Turns out, comedian and director Woody Allen was pretty much right when he said 80 percent of success is showing up. In school, as in life, absence is a dead end.
Kent ISD and its member superintendents in 2016 adopted a common definition of truancy as 10 unexcused absences, and chronic absenteeism as missing more than 10 percent of scheduled school time. For an entire school year, that would be 18 days or more absent, whether excused or unexcused. This has been in effect since the beginning of the 2016-17 school year.
While truancy is well known and understood, chronic absenteeism is less familiar, as most absences are excused by parents and, until recently, were rarely challenged by educators. That began to change approximately a decade ago through the work of education researcher Hedy Chang, who is now the executive director of Attendance Works, a national nonprofit seeking to help schools and communities combat chronic absenteeism.
Chang’s research led to the publication in 2008 of “Present, Engaged and Accounted For: The Critical Importance of Addressing Chronic Absence in the Early Grades.” This report found chronically absent students — those who miss 10 percent or more of school — do worse academically. It also revealed that one in 10 kindergarten and first-grade students nationwide miss nearly a month of school each year. In some cities, the rate is as high as one in four elementary students.
Across Kent ISD, approximately 13 percent of students are chronically absent.

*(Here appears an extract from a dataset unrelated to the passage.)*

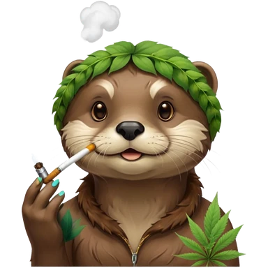 a otter smoking a joint surrounded by marijuana fumes emoji

Like the national studies, the prevalence of chronic absenteeism varies widely from school building to building and district to district but, in virtually every instance, it is greater in buildings and communities serving the economically disadvantaged.
The effects of chronic absenteeism are profound. Kent ISD researcher Sunil Joy found these students are much less likely to become proficient in math or reading. Just one in four are likely to be proficient in math at eighth grade. Worse, low-income students who are chronically absent have just a 10 percent chance of being proficient. Even more startling is the effect on African-American students, with just 3 percent likely to be proficient if they are chronically absent.

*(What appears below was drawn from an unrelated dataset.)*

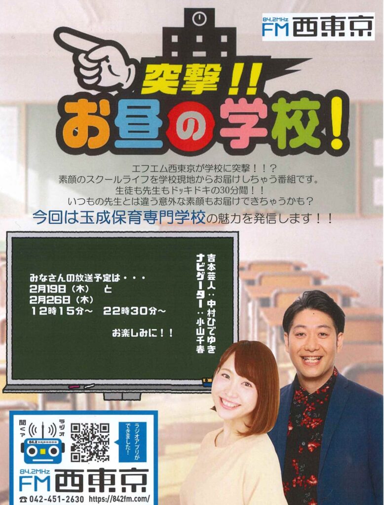 FM西東京『突撃‼お昼の学校!』ラジオ84.2Mhz【番組HP】https://842fm.com/guide/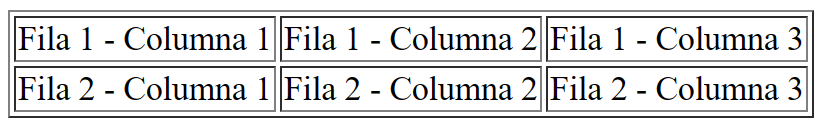 Para indicar que queremos pintar una fila tenemos que escribir las etiquetas <tr> y </tr>, y dentro de ellas tantas etiquetas <td></td> como columnas queramos que tenga esa fila.

Although proficiency levels are somewhat higher for early literacy among chronically absent children, the numbers are just as stark — and the consequences may be more damaging. Just 40 percent of children with this level of absenteeism in their kindergarten through second-grade experience can be expected to show proficiency on third-grade reading tests. Those numbers fall to just 20 percent for low-income students and 10 percent for African Americans. The probable proficiency rate for Hispanic students is slightly above the African-American rate but below the overall low-income proficiency levels for chronically absent students.

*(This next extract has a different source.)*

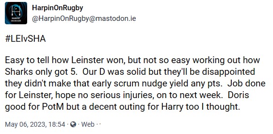 Time to rethink the quarterfinals stage? That wasn’t a proper match, Sharks seemed to turn up with a one dimensional game plan, only wishing to front up at the scrum and then return home as quickly as possible. No fight in them to have a shot at Leinster with a proper game plan. Knockout rugby gives you a chance to take down the top teams, Sharks just didn’t look interested in anything other than taking scrums.

Our districts are working hard to get at this problem. The nearly 50 school buildings within the Kent School Services Network have a laser focus on addressing the barriers to attendance for students. The social workers and clinicians of KSSN work to identify and attack domestic issues ranging from mental health to inadequate clothing. This work has been underway for a decade and is cited as a national example by the Attendance Works organization as a success story. So, too, is the “Strive for Less than 5” attendance campaign created by the Grand Rapids Public Schools, which is now being studied for implementation across all 20 districts in Kent ISD.
The value of the Strive For Less Than 5 campaign is its uniform message to all children, families and community partners. Attendance is important, and parents and their children should strive for fewer than five absences a year.
So, with a nod to Woody, let’s all make an effort to Be There. Be in attendance. Showing up is a big part of life, and success. But let’s make it 90 percent instead of 80.